§ Work item
The records below are to be reproduced exactly, with the pictures left out.

§ Records provided
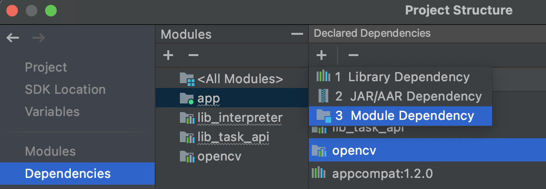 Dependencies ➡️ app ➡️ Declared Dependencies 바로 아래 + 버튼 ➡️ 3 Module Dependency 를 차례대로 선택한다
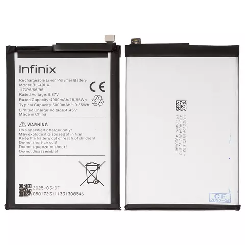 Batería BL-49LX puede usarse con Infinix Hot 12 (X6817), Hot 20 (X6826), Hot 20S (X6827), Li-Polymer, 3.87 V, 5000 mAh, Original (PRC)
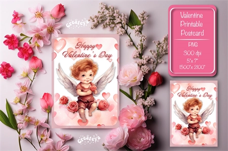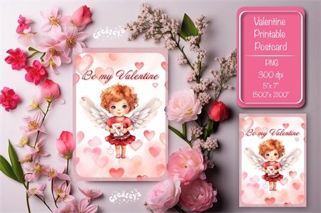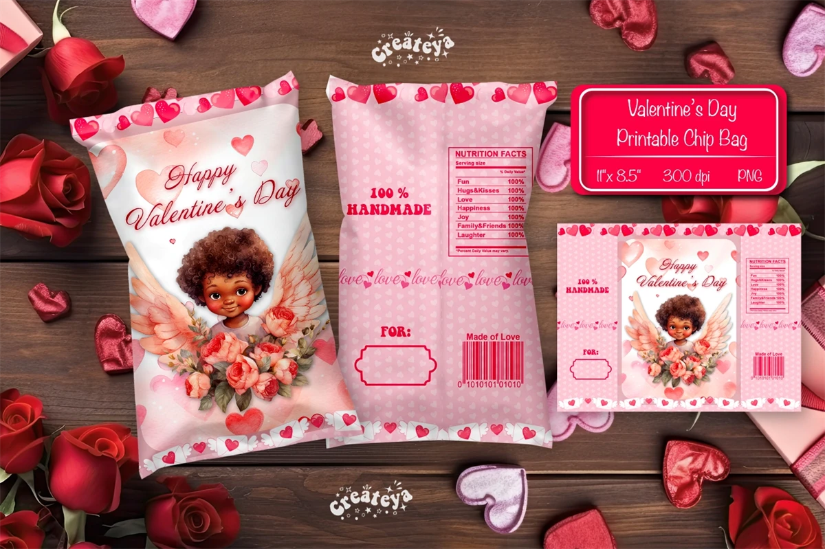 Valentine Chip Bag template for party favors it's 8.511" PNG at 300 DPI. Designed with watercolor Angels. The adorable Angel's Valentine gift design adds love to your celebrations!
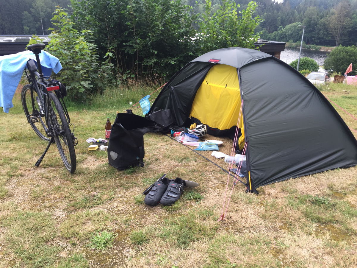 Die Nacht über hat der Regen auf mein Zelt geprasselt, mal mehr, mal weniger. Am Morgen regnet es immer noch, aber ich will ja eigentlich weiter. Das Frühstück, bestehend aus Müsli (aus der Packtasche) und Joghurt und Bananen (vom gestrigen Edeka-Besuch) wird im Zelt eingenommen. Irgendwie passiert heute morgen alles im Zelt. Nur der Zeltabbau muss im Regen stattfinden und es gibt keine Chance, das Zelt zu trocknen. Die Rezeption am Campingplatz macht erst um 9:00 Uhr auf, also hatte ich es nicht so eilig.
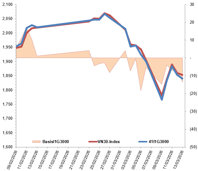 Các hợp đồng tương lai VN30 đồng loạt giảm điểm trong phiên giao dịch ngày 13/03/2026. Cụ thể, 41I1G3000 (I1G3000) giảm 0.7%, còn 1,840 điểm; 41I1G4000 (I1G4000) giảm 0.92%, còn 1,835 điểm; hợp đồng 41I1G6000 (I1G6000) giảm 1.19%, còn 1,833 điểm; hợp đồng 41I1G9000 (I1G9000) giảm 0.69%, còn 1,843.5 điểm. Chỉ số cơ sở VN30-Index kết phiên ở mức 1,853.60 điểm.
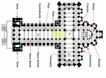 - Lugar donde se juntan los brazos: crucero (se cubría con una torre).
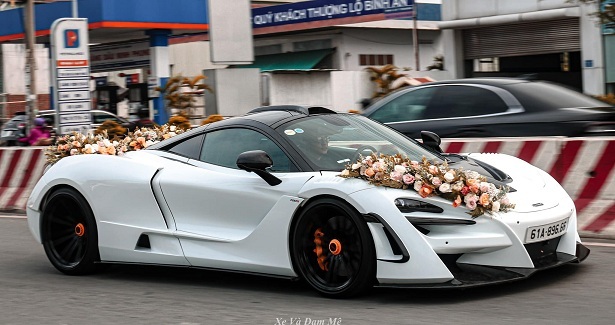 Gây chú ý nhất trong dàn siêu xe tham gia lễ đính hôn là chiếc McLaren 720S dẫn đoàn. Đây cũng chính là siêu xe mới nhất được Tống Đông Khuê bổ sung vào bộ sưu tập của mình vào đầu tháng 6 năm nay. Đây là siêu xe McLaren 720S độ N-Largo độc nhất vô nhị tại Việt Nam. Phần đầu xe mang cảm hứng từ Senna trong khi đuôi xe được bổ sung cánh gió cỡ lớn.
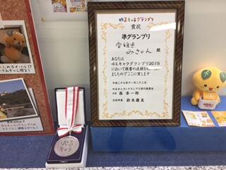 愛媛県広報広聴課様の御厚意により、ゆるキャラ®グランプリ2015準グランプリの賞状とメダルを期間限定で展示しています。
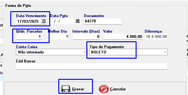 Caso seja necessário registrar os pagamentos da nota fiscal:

§ Result for this task
 Dependencies ➡️ app ➡️ Declared Dependencies 바로 아래 + 버튼 ➡️ 3 Module Dependency 를 차례대로 선택한다
 Batería BL-49LX puede usarse con Infinix Hot 12 (X6817), Hot 20 (X6826), Hot 20S (X6827), Li-Polymer, 3.87 V, 5000 mAh, Original (PRC)
 Valentine Chip Bag template for party favors it's 8.511" PNG at 300 DPI. Designed with watercolor Angels. The adorable Angel's Valentine gift design adds love to your celebrations!
 Die Nacht über hat der Regen auf mein Zelt geprasselt, mal mehr, mal weniger. Am Morgen regnet es immer noch, aber ich will ja eigentlich weiter. Das Frühstück, bestehend aus Müsli (aus der Packtasche) und Joghurt und Bananen (vom gestrigen Edeka-Besuch) wird im Zelt eingenommen. Irgendwie passiert heute morgen alles im Zelt. Nur der Zeltabbau muss im Regen stattfinden und es gibt keine Chance, das Zelt zu trocknen. Die Rezeption am Campingplatz macht erst um 9:00 Uhr auf, also hatte ich es nicht so eilig.
 Các hợp đồng tương lai VN30 đồng loạt giảm điểm trong phiên giao dịch ngày 13/03/2026. Cụ thể, 41I1G3000 (I1G3000) giảm 0.7%, còn 1,840 điểm; 41I1G4000 (I1G4000) giảm 0.92%, còn 1,835 điểm; hợp đồng 41I1G6000 (I1G6000) giảm 1.19%, còn 1,833 điểm; hợp đồng 41I1G9000 (I1G9000) giảm 0.69%, còn 1,843.5 điểm. Chỉ số cơ sở VN30-Index kết phiên ở mức 1,853.60 điểm.
 - Lugar donde se juntan los brazos: crucero (se cubría con una torre).
 Gây chú ý nhất trong dàn siêu xe tham gia lễ đính hôn là chiếc McLaren 720S dẫn đoàn. Đây cũng chính là siêu xe mới nhất được Tống Đông Khuê bổ sung vào bộ sưu tập của mình vào đầu tháng 6 năm nay. Đây là siêu xe McLaren 720S độ N-Largo độc nhất vô nhị tại Việt Nam. Phần đầu xe mang cảm hứng từ Senna trong khi đuôi xe được bổ sung cánh gió cỡ lớn.
 愛媛県広報広聴課様の御厚意により、ゆるキャラ®グランプリ2015準グランプリの賞状とメダルを期間限定で展示しています。
 Caso seja necessário registrar os pagamentos da nota fiscal:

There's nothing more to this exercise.